[Saved entries]

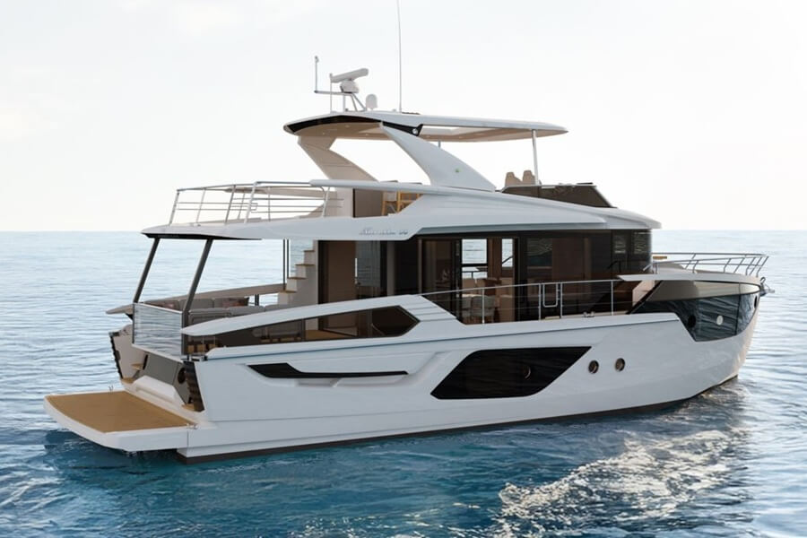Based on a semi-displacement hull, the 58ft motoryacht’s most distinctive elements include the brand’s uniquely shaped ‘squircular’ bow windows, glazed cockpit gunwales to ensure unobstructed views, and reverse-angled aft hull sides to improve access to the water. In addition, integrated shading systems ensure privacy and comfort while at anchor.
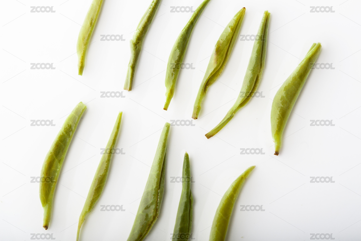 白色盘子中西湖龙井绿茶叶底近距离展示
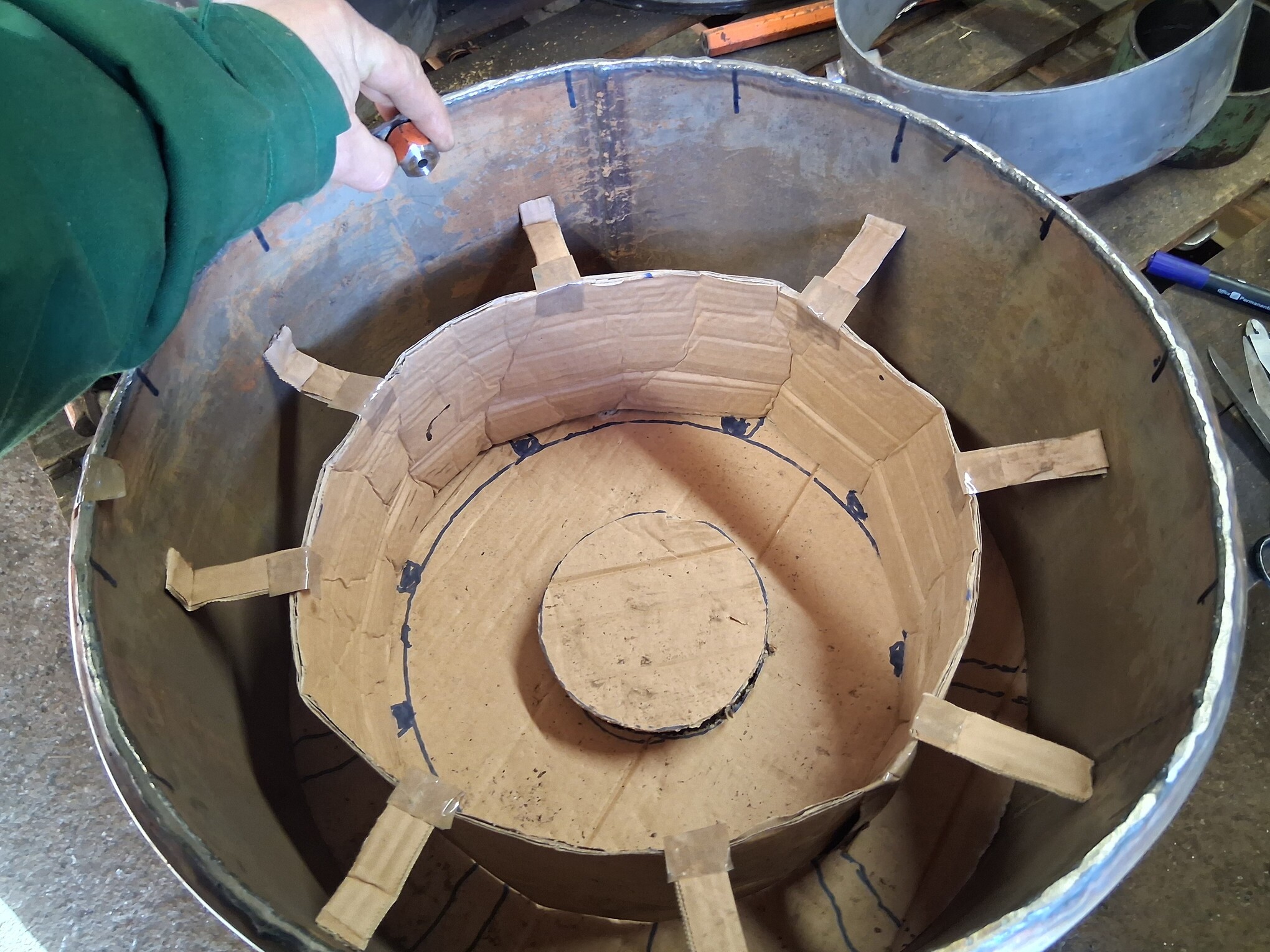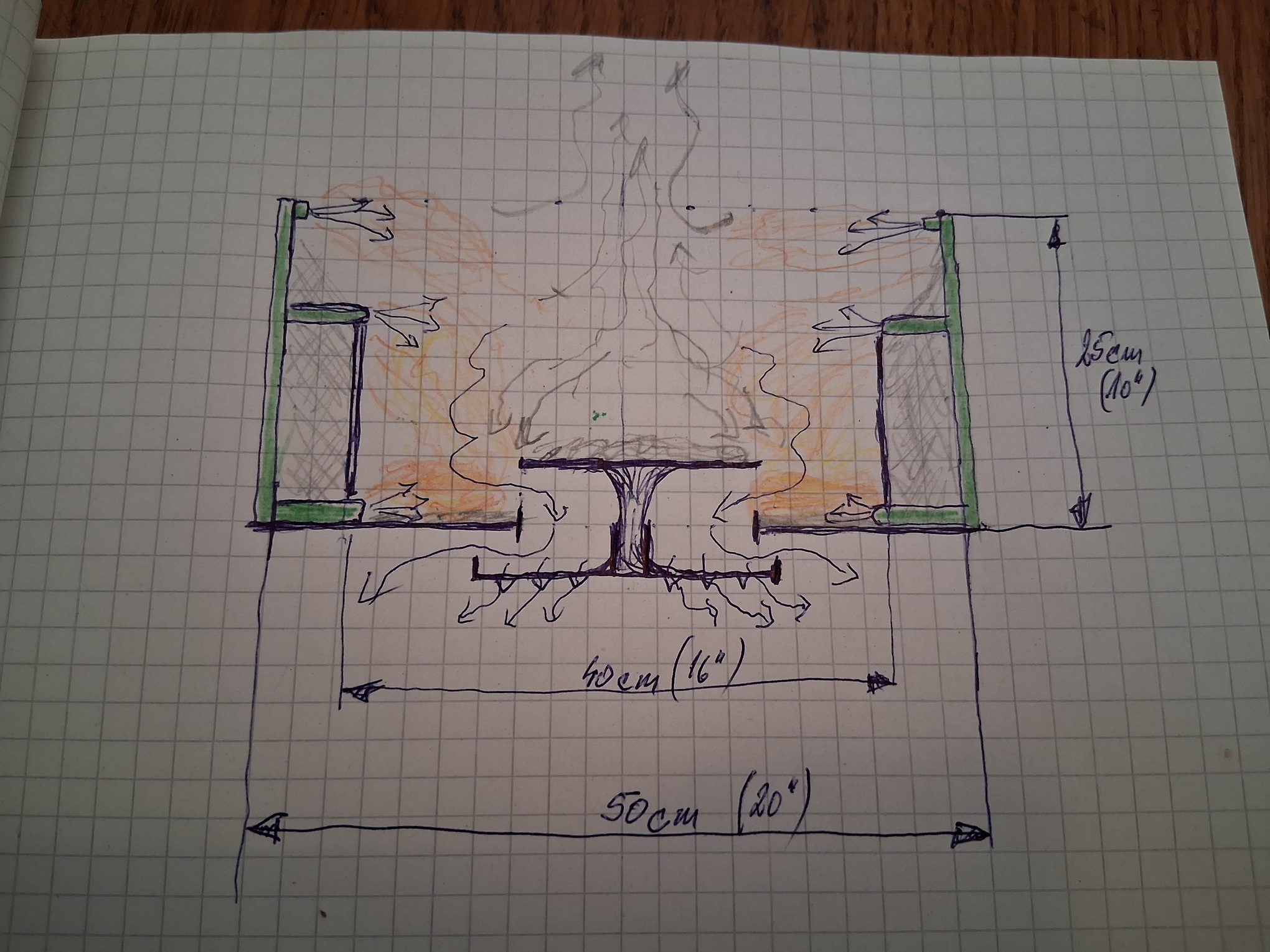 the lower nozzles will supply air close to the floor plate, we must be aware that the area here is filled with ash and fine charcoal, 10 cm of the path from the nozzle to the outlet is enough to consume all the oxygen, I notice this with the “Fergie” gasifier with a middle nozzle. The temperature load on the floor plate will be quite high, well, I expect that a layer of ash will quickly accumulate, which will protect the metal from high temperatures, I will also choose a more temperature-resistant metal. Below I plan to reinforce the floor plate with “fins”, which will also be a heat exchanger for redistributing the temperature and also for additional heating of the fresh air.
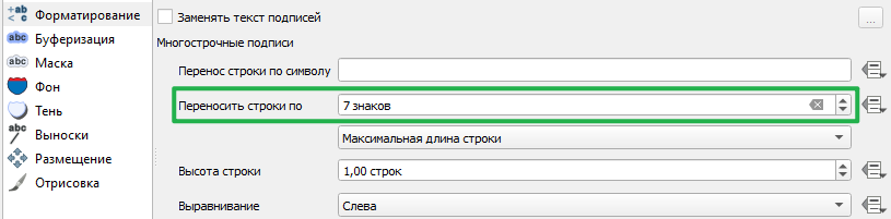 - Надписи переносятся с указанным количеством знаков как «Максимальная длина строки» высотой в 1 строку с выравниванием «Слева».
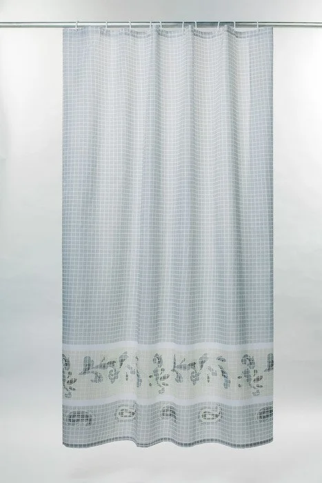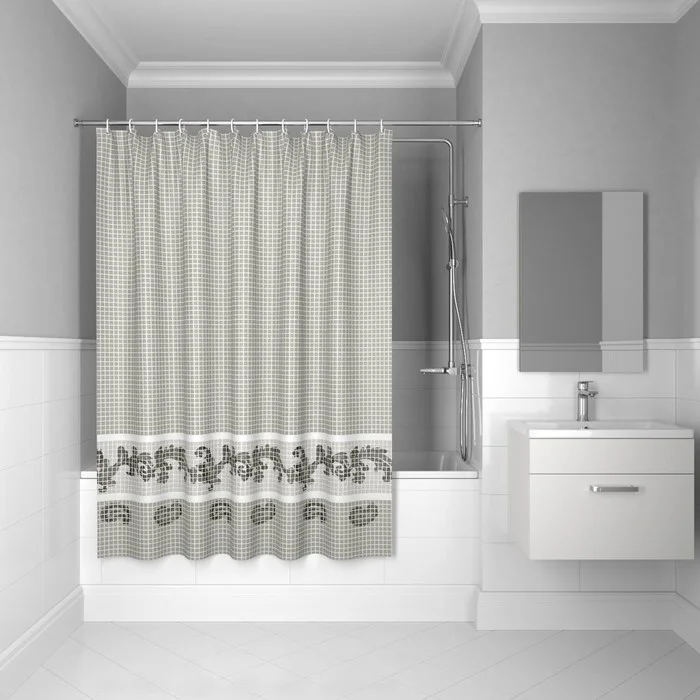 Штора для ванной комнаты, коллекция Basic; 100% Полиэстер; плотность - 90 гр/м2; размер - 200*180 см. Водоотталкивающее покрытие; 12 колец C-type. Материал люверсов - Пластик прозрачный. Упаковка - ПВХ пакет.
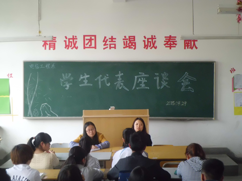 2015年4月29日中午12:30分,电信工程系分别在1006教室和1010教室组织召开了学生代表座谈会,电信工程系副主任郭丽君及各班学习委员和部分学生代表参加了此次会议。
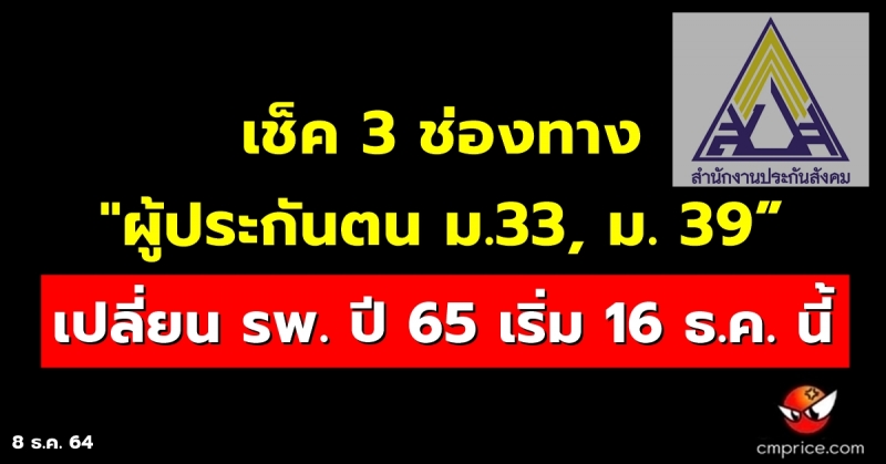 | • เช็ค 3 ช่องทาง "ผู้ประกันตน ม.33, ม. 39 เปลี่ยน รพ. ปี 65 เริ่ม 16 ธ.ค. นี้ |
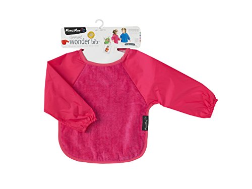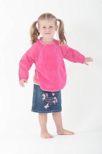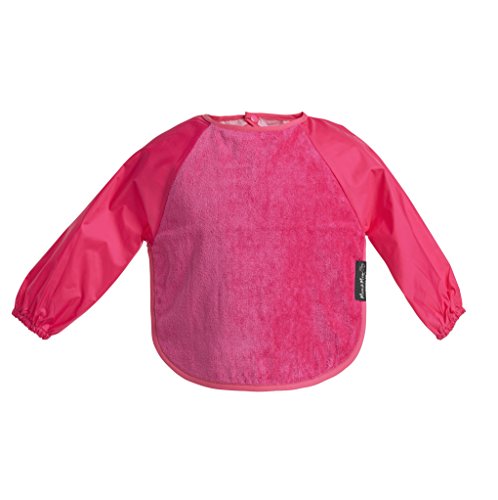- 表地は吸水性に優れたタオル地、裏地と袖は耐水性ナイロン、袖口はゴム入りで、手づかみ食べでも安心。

[Task instructions]: Write out the lines beginning at the line with "- Надписи переносятся" and ending at the last line of the entries. Include no pictures.

[Task answer]:
 - Надписи переносятся с указанным количеством знаков как «Максимальная длина строки» высотой в 1 строку с выравниванием «Слева».
 Штора для ванной комнаты, коллекция Basic; 100% Полиэстер; плотность - 90 гр/м2; размер - 200*180 см. Водоотталкивающее покрытие; 12 колец C-type. Материал люверсов - Пластик прозрачный. Упаковка - ПВХ пакет.
 2015年4月29日中午12:30分,电信工程系分别在1006教室和1010教室组织召开了学生代表座谈会,电信工程系副主任郭丽君及各班学习委员和部分学生代表参加了此次会议。
 | • เช็ค 3 ช่องทาง "ผู้ประกันตน ม.33, ม. 39 เปลี่ยน รพ. ปี 65 เริ่ม 16 ธ.ค. นี้ |
- 表地は吸水性に優れたタオル地、裏地と袖は耐水性ナイロン、袖口はゴム入りで、手づかみ食べでも安心。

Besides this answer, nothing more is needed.